SPECIALE ROCCO SCOTELLARO
“POPULARI”, FOLLI E “CALMEZZA” NELLA PROSA SCOTELLARIANA
Perché così come coloro che disegnano e’ paesi si pongono bassi nel piano a considerare la natura dei
monti e de’ luoghi alti, e per considerare quella de’ bassi si pongono alti sopra de’ monti,
similmente, a conoscere bene la natura de’ populi bisogna essere principe, e conoscere bene quella
de’ principi bisogna essere populare1.
È interessante e al contempo illuminante individuare, tra gli appunti presi
da Scotellaro ai fini della redazione del frammentario romanzo autobiografico,
un’annotazione desunta dall’incipit del Principe. Scotellaro non si limitava ad
antologizzare, ma esprimeva un netto giudizio sul Machiavelli, il quale, “più
psicologo che storico del suo tempo”, non aveva abdicato alla convinzione che
sia “determinante la condotta dei potenti a generare o governare la storia” e,
sostanzialmente, si era sottratto – circostanza che si sarebbe ripetuta anche dopo le
sue teorizzazioni – allo studio e all’analisi dello “stato dei governati”. Se, in
conclusione, il principe, per non ‘periclitare’ e ‘ruinare’, doveva mostrarsi
all’altezza di sostenere il mutamento (icasticamente effigiato nell’icona “de’ venti
della fortuna”), sembrava che al popolo non restasse altra strada all’infuori
dell’attestarsi sempre, “col variare dei tempi, dalla parte del più forte”.

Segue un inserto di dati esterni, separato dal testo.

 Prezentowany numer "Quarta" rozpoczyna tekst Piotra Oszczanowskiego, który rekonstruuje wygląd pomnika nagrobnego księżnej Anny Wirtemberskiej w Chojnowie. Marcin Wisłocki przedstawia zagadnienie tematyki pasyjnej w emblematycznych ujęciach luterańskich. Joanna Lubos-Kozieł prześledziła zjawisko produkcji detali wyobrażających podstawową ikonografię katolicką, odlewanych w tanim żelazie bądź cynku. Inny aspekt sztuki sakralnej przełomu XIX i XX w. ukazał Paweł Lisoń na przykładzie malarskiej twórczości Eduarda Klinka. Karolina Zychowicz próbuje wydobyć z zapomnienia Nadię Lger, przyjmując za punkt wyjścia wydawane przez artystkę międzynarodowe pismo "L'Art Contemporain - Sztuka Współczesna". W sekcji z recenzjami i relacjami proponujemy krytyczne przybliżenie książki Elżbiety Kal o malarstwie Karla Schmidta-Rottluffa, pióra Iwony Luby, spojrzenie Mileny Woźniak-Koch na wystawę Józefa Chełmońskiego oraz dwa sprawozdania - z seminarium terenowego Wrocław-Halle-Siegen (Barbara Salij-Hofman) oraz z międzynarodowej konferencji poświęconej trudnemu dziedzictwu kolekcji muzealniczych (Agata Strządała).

L’intero cammino di Rocco Scotellaro ci sembra, in fondo, ripercorrere proprio
quel pensiero machiavelliano annotato aforisticamente tra gli appunti per
l’autobiografia. Il sindaco “pelo rosso” era, in fondo, stato un po’ “principe”

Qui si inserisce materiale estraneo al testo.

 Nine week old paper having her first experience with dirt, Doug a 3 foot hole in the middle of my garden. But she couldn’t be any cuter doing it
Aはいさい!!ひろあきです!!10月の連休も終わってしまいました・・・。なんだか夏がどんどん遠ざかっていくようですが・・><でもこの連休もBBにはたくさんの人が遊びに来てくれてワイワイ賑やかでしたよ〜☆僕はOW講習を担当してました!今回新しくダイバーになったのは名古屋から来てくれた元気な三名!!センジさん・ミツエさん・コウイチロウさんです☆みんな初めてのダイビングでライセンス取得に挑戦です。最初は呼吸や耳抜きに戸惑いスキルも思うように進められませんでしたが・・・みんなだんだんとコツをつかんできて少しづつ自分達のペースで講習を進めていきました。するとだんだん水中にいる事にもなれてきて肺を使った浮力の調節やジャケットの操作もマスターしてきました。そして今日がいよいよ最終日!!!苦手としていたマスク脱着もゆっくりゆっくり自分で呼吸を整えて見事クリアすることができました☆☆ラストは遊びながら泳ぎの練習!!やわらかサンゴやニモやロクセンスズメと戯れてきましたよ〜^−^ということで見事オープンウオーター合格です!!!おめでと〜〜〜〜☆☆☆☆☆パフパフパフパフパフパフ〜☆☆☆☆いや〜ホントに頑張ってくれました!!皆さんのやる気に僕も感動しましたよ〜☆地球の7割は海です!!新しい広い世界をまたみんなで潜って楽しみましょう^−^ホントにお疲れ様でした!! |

(nell’originario senso di primus inter pares) e, in tale condizione, aveva sperimentato
quella “schiavitù” verso il più debole, che in fondo gli era parsa così vicina alla vera
libertà. Ma, “a conoscere bene” la natura dei principi, “bisogna essere populare”; in tal
direzione, indicative appaiono le parole pronunciate da Laurenzana Antonio di
Domenico in Contadini del Sud:
Le elezioni di gennaio 1953 furono vinte dai democristiani perché il nostro Sindaco pelo rosso
si era allontanato e ci aveva lasciato per andare a guadagnare scrivendo poesie e racconti. Nella
prima riunione del nuovo consiglio fu deliberata la tassa su tutti i generi di consumo. Noi della
vecchia amministrazione l’avevamo respinta per ben quattro volte. Il popolo ora non può più parlare
come prima col Sindaco, che è un avvocato aristocratico. Prima era consentito fermare il Sindaco
anche in piazza dove firmava documenti e dava consigli2.
1
R. Scotellaro, Frammenti e appunti dai quaderni dell’Uva puttanella, in Id., Uno si distrae al bivio,
con una prefazione di C. Levi, Matera, Basilicata editrice, 1974, fr. 8, p. 108.
2
Id., Contadini del Sud, in Id., L’uva puttanella. Contadini del Sud, introduzione di N. Tranfaglia,
1
SPECIALE ROCCO SCOTELLARO
Proprio l’esperienza politica, culminata nell’arresto del febbraio 1950 per
accuse pretestuose e infondate3, aveva più che altro favorito in Scotellaro l’acquisizione
della consapevolezza di essere “uva puttanella”4, tanto tristemente e ineluttabilmente simile
a quell’“acino piccolo” che “forzava le porte per vedere il sole tra gli acini grossi”, e, così,
“non si moltiplicava, non si faceva grande”5, nell’attesa del giorno in cui, con gli altri,
sarebbe stato “gettato nel tinello per il mosto”6. E in quel tinello, il Sindaco di
Tricarico, punito – come Antonio Di Grazia, condannato alla solitudine – per aver
violato l’ideale dell’ostrica, è finito troppo presto, mentre, ben lontano dal dedicarsi
meramente a un letterario, improbabile, guadagno, o all’“attività culturale ‘pura’”7 cui
alludeva Alicata, affilava le armi dell’inchiesta, in un distacco esclusivamente fisico (e
solo apparente) dalla sua terra.
L’incipit dell’Uva puttanella è stato finemente analizzato da numerosi studiosi
e il suo valore simbolico decrittato dal Bronzini nel suo bellissimo L’universo contadino
e l’immaginario poetico di Rocco Scotellaro. Al momento delle dimissioni da sindaco, il
“poeta dei contadini” dichiara di voler avviarsi “in prima, verso il Cimitero” (che in una
delle liriche di Margherite e rosolacci definì “solo / giardino del paese”), in un ideale
procedere dalle “case alle tombe”8, forse perché i battiti del suo cuore – traditore dì lì
a poco – non abbiano a cessare e perché si possa riacquistare uno “spazio di libertà”9.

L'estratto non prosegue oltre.